● Work instructions:
Restate word for word the entries below, starting with the line with "中古 リサイクル着物 【送料無料】" and continuing through the line with "Starting up 300". Include both of those lines and no others.

● Data in this exercise:
%%
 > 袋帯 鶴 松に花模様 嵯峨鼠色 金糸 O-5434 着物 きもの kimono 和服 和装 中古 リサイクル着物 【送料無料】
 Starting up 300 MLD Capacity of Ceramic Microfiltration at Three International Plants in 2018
%%
%%
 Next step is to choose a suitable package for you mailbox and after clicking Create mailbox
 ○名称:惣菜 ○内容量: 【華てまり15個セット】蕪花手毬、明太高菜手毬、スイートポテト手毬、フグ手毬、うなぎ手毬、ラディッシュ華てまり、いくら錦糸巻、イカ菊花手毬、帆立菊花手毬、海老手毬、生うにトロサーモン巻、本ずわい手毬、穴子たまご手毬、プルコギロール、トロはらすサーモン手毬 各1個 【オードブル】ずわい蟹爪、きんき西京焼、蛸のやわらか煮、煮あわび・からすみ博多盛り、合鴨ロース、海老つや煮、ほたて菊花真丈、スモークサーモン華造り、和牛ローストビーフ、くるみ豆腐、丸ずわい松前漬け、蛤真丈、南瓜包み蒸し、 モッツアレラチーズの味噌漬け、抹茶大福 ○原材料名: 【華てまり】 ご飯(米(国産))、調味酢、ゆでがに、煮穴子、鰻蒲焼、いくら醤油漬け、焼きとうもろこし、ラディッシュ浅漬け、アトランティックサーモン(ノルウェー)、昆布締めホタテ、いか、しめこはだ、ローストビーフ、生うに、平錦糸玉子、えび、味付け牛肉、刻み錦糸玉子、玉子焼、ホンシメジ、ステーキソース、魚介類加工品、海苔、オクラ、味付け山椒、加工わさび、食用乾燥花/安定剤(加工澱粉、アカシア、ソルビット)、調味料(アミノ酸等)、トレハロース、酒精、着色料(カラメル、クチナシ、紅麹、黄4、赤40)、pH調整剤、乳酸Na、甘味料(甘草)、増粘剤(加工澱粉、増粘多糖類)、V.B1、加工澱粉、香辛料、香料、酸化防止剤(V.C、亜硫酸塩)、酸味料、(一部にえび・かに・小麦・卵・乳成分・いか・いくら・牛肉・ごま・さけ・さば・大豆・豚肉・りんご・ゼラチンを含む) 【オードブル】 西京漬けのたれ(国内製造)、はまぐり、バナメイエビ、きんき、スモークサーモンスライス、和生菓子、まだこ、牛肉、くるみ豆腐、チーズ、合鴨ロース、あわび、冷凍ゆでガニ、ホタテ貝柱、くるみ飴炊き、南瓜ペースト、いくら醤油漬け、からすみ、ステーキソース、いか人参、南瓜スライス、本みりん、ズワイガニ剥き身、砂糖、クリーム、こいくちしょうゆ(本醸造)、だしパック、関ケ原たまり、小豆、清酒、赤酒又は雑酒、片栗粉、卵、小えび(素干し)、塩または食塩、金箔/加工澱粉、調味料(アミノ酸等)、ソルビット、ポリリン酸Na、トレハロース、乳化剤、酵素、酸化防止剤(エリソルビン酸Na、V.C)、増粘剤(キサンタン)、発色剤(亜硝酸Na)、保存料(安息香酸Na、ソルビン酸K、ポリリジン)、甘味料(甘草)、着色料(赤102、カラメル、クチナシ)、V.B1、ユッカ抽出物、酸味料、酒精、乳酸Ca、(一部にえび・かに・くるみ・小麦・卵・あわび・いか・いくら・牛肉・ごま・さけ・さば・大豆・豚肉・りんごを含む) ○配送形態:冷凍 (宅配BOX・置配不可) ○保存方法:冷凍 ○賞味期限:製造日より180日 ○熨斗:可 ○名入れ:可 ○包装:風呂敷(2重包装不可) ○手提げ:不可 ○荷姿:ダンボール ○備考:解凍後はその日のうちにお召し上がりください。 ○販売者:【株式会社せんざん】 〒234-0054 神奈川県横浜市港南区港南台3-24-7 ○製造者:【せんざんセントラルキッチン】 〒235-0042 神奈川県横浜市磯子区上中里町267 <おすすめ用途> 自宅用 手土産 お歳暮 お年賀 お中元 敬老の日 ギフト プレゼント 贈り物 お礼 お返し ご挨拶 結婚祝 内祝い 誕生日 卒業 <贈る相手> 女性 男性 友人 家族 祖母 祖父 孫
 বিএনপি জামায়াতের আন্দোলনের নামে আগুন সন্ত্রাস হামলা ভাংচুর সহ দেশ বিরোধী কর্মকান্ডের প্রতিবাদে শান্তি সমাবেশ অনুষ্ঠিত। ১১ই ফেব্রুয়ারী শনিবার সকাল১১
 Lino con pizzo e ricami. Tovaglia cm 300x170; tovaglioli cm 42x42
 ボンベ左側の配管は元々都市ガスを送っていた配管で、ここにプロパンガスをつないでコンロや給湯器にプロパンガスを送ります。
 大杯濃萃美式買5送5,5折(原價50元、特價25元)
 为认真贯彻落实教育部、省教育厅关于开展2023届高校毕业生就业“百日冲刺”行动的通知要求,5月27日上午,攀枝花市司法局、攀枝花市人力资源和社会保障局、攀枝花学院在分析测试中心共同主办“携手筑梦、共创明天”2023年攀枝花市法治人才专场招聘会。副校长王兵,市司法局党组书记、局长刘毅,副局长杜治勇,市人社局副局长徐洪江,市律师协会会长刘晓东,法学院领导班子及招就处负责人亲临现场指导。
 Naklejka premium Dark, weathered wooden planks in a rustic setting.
%%
%%
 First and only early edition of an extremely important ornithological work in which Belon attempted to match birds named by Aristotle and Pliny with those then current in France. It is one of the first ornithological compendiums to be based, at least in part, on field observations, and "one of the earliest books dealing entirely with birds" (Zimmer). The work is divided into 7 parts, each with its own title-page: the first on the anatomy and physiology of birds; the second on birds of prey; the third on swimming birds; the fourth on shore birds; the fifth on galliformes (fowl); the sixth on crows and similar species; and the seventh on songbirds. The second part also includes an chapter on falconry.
%%
● Answer below:
 > 袋帯 鶴 松に花模様 嵯峨鼠色 金糸 O-5434 着物 きもの kimono 和服 和装 中古 リサイクル着物 【送料無料】
 Starting up 300 MLD Capacity of Ceramic Microfiltration at Three International Plants in 2018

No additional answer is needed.